The past 12 months seem to have marked another important set of milestones for cordless tools and the technology inside them.

While performance, both in running and recharging times has been steadily improving every year for lower voltage units, until recently users still had to resort to a different battery system when they wanted to use more heavy duty units like hammers and grinders.

That is all beginning to change however with many players now releasing larger capacity products that can work with the same systems as 18V tools, effectively including them in their existing cordless ecosystem.

I spoke to several players about the state of the market, the latest developments in technology as well as addressing any concerns they may have for the health of the category.

Nick Armiger at Stanley Black & Decker, is happy to report that the last 12 months has seen positive growth for the company and an increase in market share. In particular the Dewalt FlexVolt system, which incorporates both 18V and more power hungry 54V tools into a single existing charging setup, has been very well received.

Armiger reports that among the many other heavy duty units joining the FlexVolt family are a 12-inch mitre saw, table saws, SDS Max Hammer, as well as heavy duty angle grinders rather than just finishing models.

Unsurprisingly, the majority of take-up for these units has been the trade but Nick Armiger has also noted a trend in recent years for homeowners to venture into professional level products.

“Trade power tools, particularly cordless, are getting more and more competitive and there is probably a blurring between the DIY price and the trade price so some people are trading up and getting into aspirational brand, that they couldn’t before.

“And, particularly in Auckland, if you own property in this current market you are pretty much a millionaire so they feel justified in trading up.”



From Nick Armiger’s perspective, New Zealand’s robust housing market has created plenty of business with the aforementioned equity increases helping in DIY while the creation of new homes is giving the trades more than enough work to do.

That said, the recent construction losses reported by Fletcher Building’s B+I division are causing some concern.

Although related to larger construction projects like Auckland’s New Zealand International Convention Centre and the Justice Precinct in Christchurch rather than domestic construction, Accent ToolsAndrew Way fears that losses at this top level have the potential to trickle down.

For now though, he admits that he can’t really complain about the state of the market.

Indeed the Accent Tools team has been “crazy busy” in the last year thanks to huge demand for the latest generation of Hitachi tools.

There is probably a blurring between the DIY price and the trade price so some people are trading up

Andrew Way is particularly excited about the new wave of Hitachi gasless nail guns which he says are generating “massive” demand.

Much like the changes in higher voltage cordless units produced by many players, Hitachi’s new nail guns are now compatible with the 18V charging systems used by other cordless tools.

While eliminating the considerable running costs of buying gas cylinders this also welcomes one of the most used tools into the “cordless family”, if you will.

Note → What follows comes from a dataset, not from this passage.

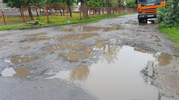 При повороте с улицы Казинца к магазину №3 "СТРОЙМАТЕРИАЛЫ, МЕБЕЛЬ» невозможно проехать не "убив" подвеску. Глубокие ямы, выбоины, отсутствие асфальта

“Almost all nail guns, regardless of brand, were orphans when it came to compatibility,” says Andrew Way.

“So this is massive for us in terms of sales opportunities as well as for consumers who have already bought into a cordless tool system.”

The other big news for Accent Tools, as already reported in these pages, is that from the first of October, Hitachi will change its name to Hikoki.

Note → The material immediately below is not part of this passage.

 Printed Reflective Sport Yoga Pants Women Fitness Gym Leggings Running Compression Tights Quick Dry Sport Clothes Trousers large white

Andrew Way stresses that while the change is a big deal (in a good way) for Accent Tools, it will be business as usual until the switchover.

Behind the scenes however, the company is putting considerable effort into getting the message out that the transition will be a seamless and positive experience for dealers and end users alike with a plethora of cool new tools and new technology due to be available in later part of the year that will still be totally compatible with Hitachi branded products.



Also set to release a raft of new tools this year is Bosch. Following on from an excellent year of sales in 2017, Sales Director Troy Scragg reports that in the next year alone, over 300 new products will be released in the green and blue cordless ranges.

Like many players across the board, Bosch end users can expect to see more heavy duty products like hammers and grinders using the same charging system that powers their cordless drill.

Does this signal demise of corded products? Troy Scragg explains that while Bosch does still see good business in corded products, he admits that the category has inevitably continued to contract at the same time as cordless has been growing.

The other technology trend that Bosch feels is growing in importance within this category is connectivity. As seen in household products where coffee makers, vacuums lights and even beds are increasingly becoming part of the Internet of Things, tools are inevitably getting smarter.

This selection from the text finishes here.